Looking at it from a different perspective, I notice something that might be missing.
The question is directed at builders, but a product like this inevitably creates feelings in users — and those aren’t always expressed clearly or even consciously.
Instead of just asking “why did you leave?”, I’d be curious to explore what they actually felt.
Different people interpret the same words in very different ways. In a context where there’s some level of trust, even a small shift in wording can change the experience — “why did you leave?” can feel very different from something like “how are you doing?”.
Murror
@monikatest You're touching on something we think about constantly. You're right that the wording matters so much -- especially when emotions are involved. We've actually been experimenting with exactly this at Murror. Instead of exit surveys, we've started reaching out with softer, more open-ended questions like "what's been on your mind lately?" rather than "why'd you stop using us?" The responses are completely different. People open up more when they don't feel like they're being evaluated. Your point about how the same words land differently for different people is something we want to build more awareness around. Really appreciate you pushing this conversation deeper.
This is a profound shift in perspective, Mona. The concept of "Quiet Confidence" as a metric is both brave and deeply authentic. In an industry obsessed with "stickiness" and "retention loops," building a product that aims to be outgrown is the ultimate sign of respect for the user’s time.
I am launching PictaBase today. While we are on the technical side of the house (organizing visual assets), your post resonates deeply with our core philosophy of User Sovereignty.
Designing for "Graduation"
We haven't experienced this outcome yet—it’s Day 1 for us—but we’ve built the architecture specifically to allow for it.

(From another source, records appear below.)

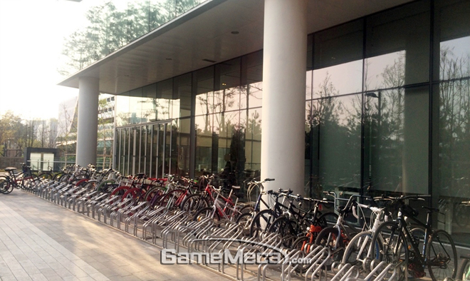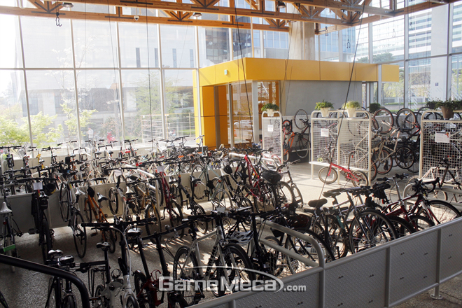 ▲ NHN엔터테인먼트와 엔씨소프트 자전거 주차장: 최근 자전거로 출퇴근하는 직장인이 늘어나고 있는데요. 이런 점은 게임사도 마찬가지입니다. 특히 NHN엔터테인먼트와 엔씨소프트는 자전거 전용 주차 공간까지 마련해놨는데요. 주차된 자전거의 숫자만 봐도 얼마나 많은 직원들이 자전거로 출퇴근을 하고 있는지 느껴지네요 "에너지 절약도 하고 건강도 챙기고 아자~ ㅎㅎ"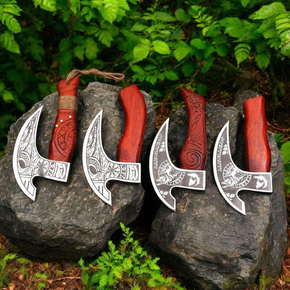 ราคาขายส่ง มีดตัดพิซซ่าแบบขวานไวกิ้ง ทำมือ คุณภาพอุตสาหกรรมและงาน DIY ผลิตจากเหล็กกล้าคาร์บอนสูง พร้อมปลอกหนังสลักลายตามสั่ง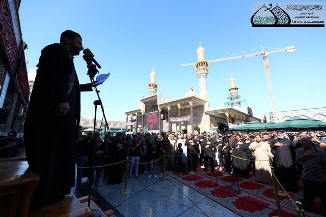حظيت زيارة أربعينية أبي الأحرار الإمام الحسين "عليه السلام" بالفضل والمقام الجليل فمن خلالها صدحت أصوات العشق والمودة والولاء، وأشتاقت المُقل لتنثر الدموع لعودة قافلة السبيّ الزينبي التي تعرّضت لعظيم المحّن بعد فاجعة الطفّ الأليمة، فهي السرّ الذي يدفع بالنفوس على اختلافها أجناسها وتنوعها للتفاعل معها والمواظبة على إحيائها، إذ شهدت العتبة الكاظمية المقدسة صباح العشرين من شهر صفر المظفر 1440هـ الموافق 30 تشرين الأول 2018م مجلساً عزائياً خاصاً في يوم الأربعين الذي درجت على إقامته في كلّ عام، حيث استمعت الحشود المعزّية التي توافدت إلى رحاب الصحن الكاظمي الشريف إلى تسجيل بصوت المرحوم الشيخ عبد الزهراء الكعبي وقراءته للقصة الكاملة لمسيرة الركب الزينبي عند عودته إلى كربلاء المقدسة، وما جرى على السيدة الحوراء زينب وبقية حرم رسول الله "عليهم السلام" من أحداث مروعة في رحلة الشقاء والسبيّ والضيم والمصائب العظيمة التي رافقها وصاحبها فيها الإمام علي بن الحسين زين العابدين "عليه السلام" متحملاً المسؤولية ذاتها لإعلاء كلمة الحقّ ونبذ الباطل بكلّ أشكاله وصوره على أيدي الظالمين الذين لم يراعوا فيه حرمة للبيت العلوي الطاهر.

We call it "Zero Data Ransom":
The .meta.json Sidecar: We write every tag, note, and AI label to a sidecar file that lives in the user's own S3 bucket.
The Goal: If a user organizes 10,000 messy photos into a perfect relational database and then decides they’ve "graduated" to a custom in-house system or just don't need a manager anymore, they can leave with everything. Their metadata isn't trapped in our database; it's part of their files.

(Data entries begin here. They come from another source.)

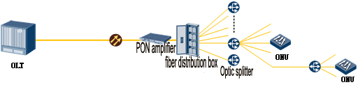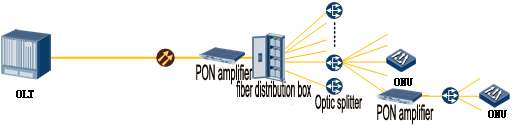 The PON remote amplifier is deployed between the OLT and the optical splitter or between the ODN and the ODN to improve the optical power and transmission distance of the line, improve the utilization of the PON port (split ratio), and extend and expand the branch.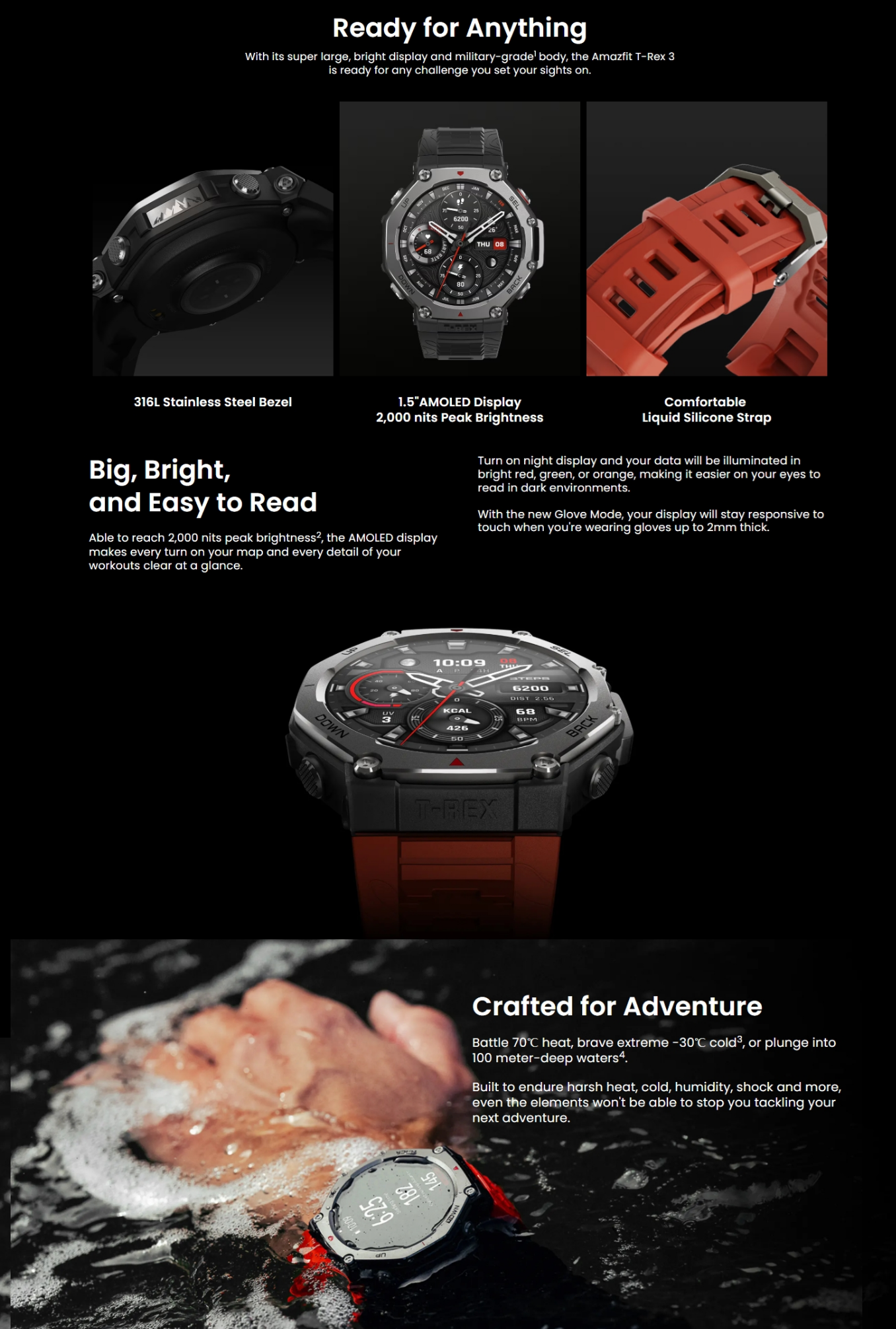 Amazfit T-Rex 3 พร้อมสำหรับความท้าทายที่คุณตั้งเป้าไว้ ขนาดใหญ่ สว่าง และอ่านง่าย หน้าจอ AMOLED ที่มีความสว่างสูงสุด 2,000 nits ทำให้ทุกการเลี้ยวบนแผนที่และทุกรายละเอียดของการออกกำลังกายของคุณชัดเจนในทันที เมื่อใช้งานตอนกลางคืน หน้าจอข้อมูลของคุณจะสว่างขึ้นเป็นสีแดง เขียว หรือส้มสดใส ทำให้อ่านได้สบายตาในสภาพแวดล้อมที่มืด และด้วย Glove Mode ใหม่ หน้าจอของคุณจะตอบสนองต่อการสัมผัสเมื่อคุณสวมถุงมือที่มีความหนาไม่เกิน 2 มม.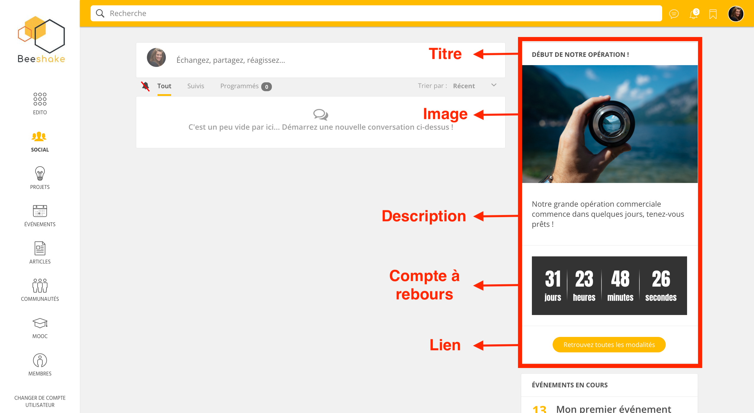 - Une image (que vous uploadez) ou le contenus que vous souhaitez faire remonter (les 5 derniers articles ou projets publiés sur la plateforme)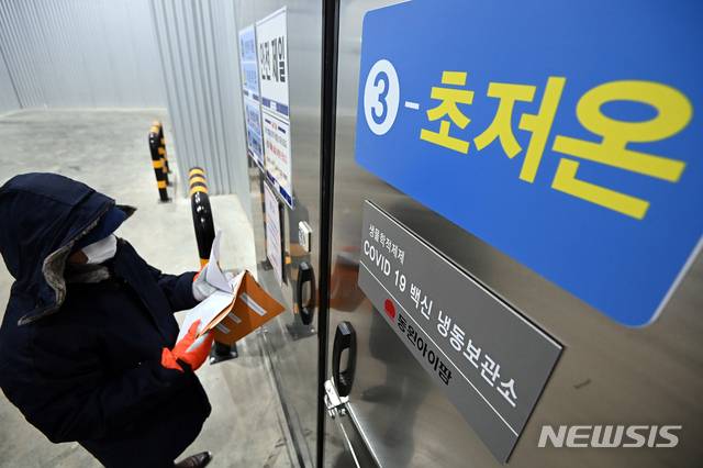 [평택=뉴시스] 김종택기자 = 정부가 신종 코로나바이러스 감염증(코로나19) 예방 백신 접종 세부 시행 계획을 발표한 28일 오후 경기도 평택시 오송면 한국초저온 물류센터에서 방한복을 입은 직원이 코로나19 백신 초저온 보관소를 점검하고 있다. 2021.01.28.

Answering Your Question: The "DAU vs. Value" Conversation
You asked how to talk about this with teams or investors used to seeing daily active user (DAU) charts go up.
When talking to stakeholders, we focus on "Transfer Moments" as a proxy for long-term Brand Equity. A user who "graduates" isn't a lost customer; they are a lifetime advocate. In the world of professional tools, a referral from a "graduated" expert who says, "This tool fixed my workflow so well I don't even have to think about it anymore," is worth more than a thousand users trapped in a notification loop.

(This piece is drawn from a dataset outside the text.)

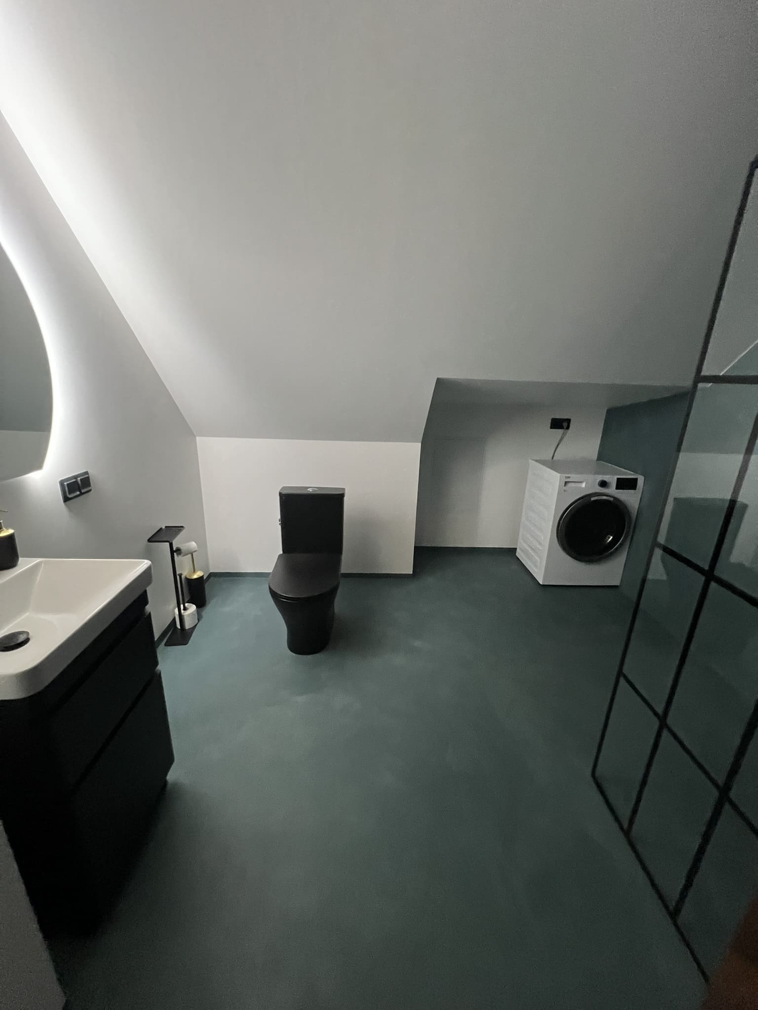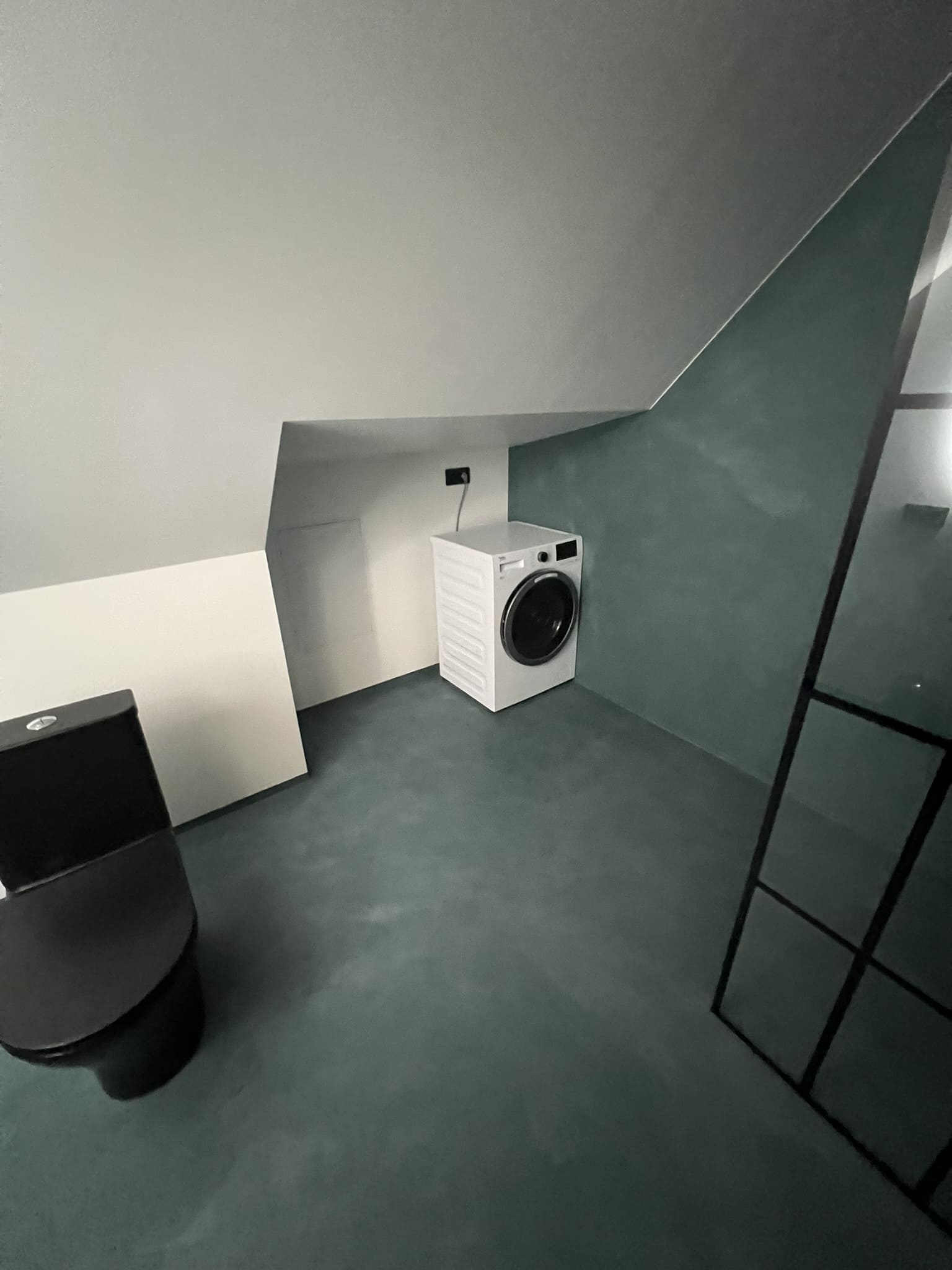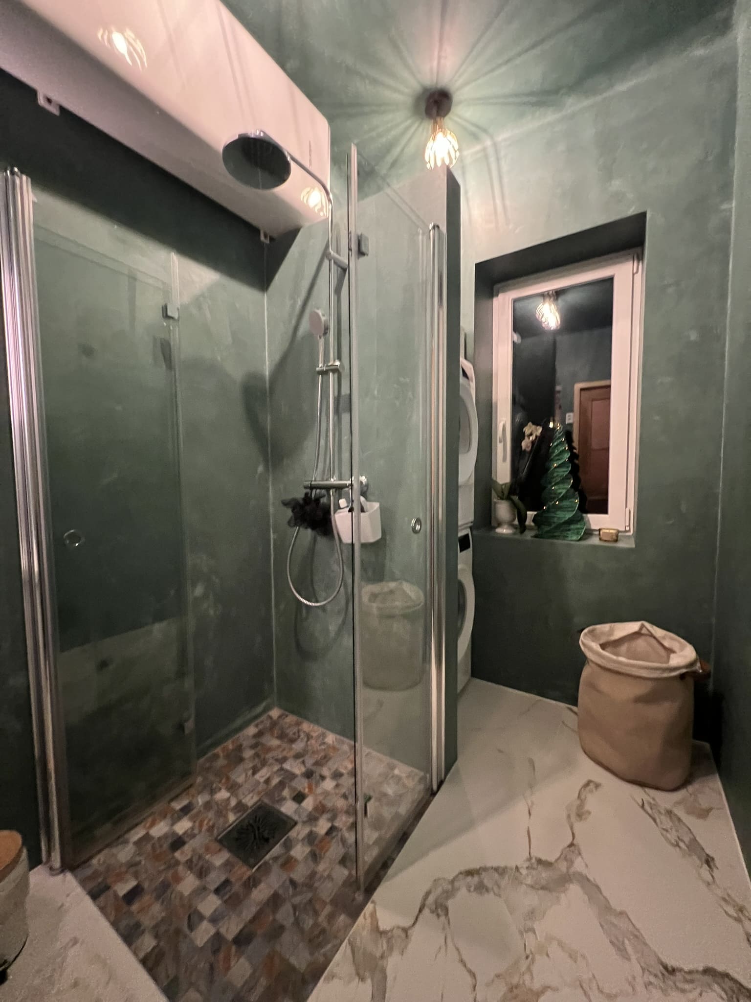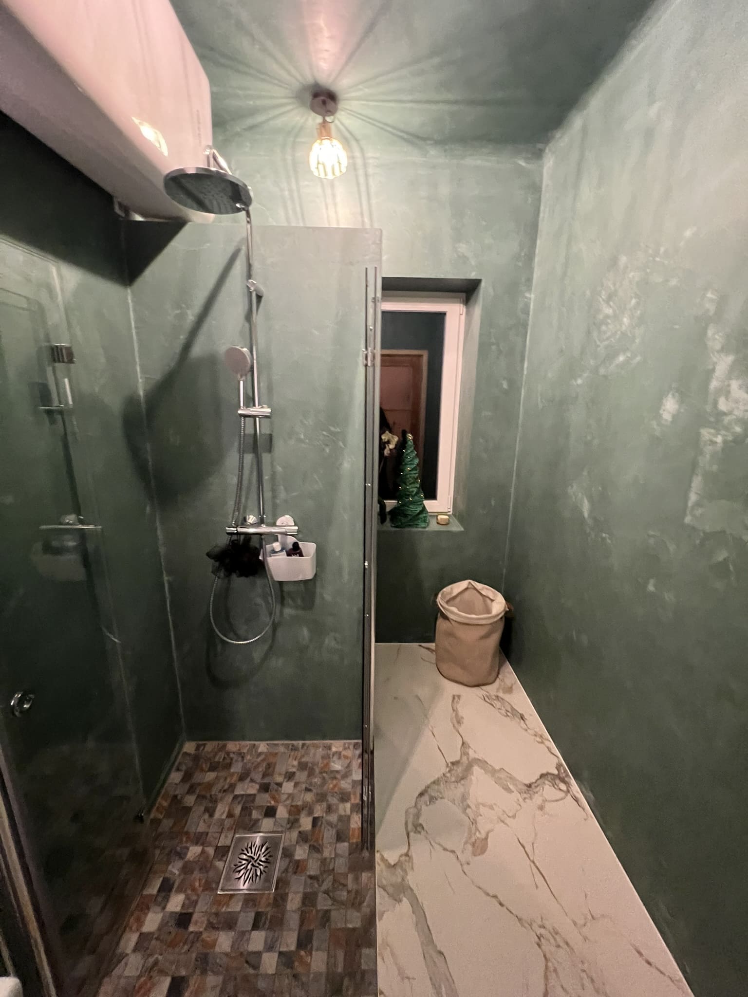Kahe tooniga mikrotsemendi tööd on alati huvitavad. Mikrotsement paigaldati olemasoleva keraamilisele plaadile. Toon Basebeton Jade (sein), Basebeton Mouse ( põrand).

Success to you on Murror! It’s inspiring to see a roadmap that prioritizes the human on the other side of the screen over the graph on the dashboard.
One question for you: How do you identify the difference between a "graduated" user and a "frustrated" user in the early stages of that usage drop-off?
Murror
@conleec Chris, this is one of the most thoughtful responses I've gotten on this topic. Your "Zero Data Ransom" concept is brilliant and speaks to the same principle from the infrastructure side -- if users can leave with everything, you're proving your value through the experience, not through lock-in. That takes real confidence in your product.
And congrats on launching PictaBase! The .meta.json sidecar approach is really clever. Making metadata portable rather than trapped in your database is exactly the kind of design decision that earns long-term trust.
I love how you framed it: "building a power tool" vs "building a crutch." That distinction is going to stick with me. Would love to stay connected and compare notes as both our products evolve around this philosophy.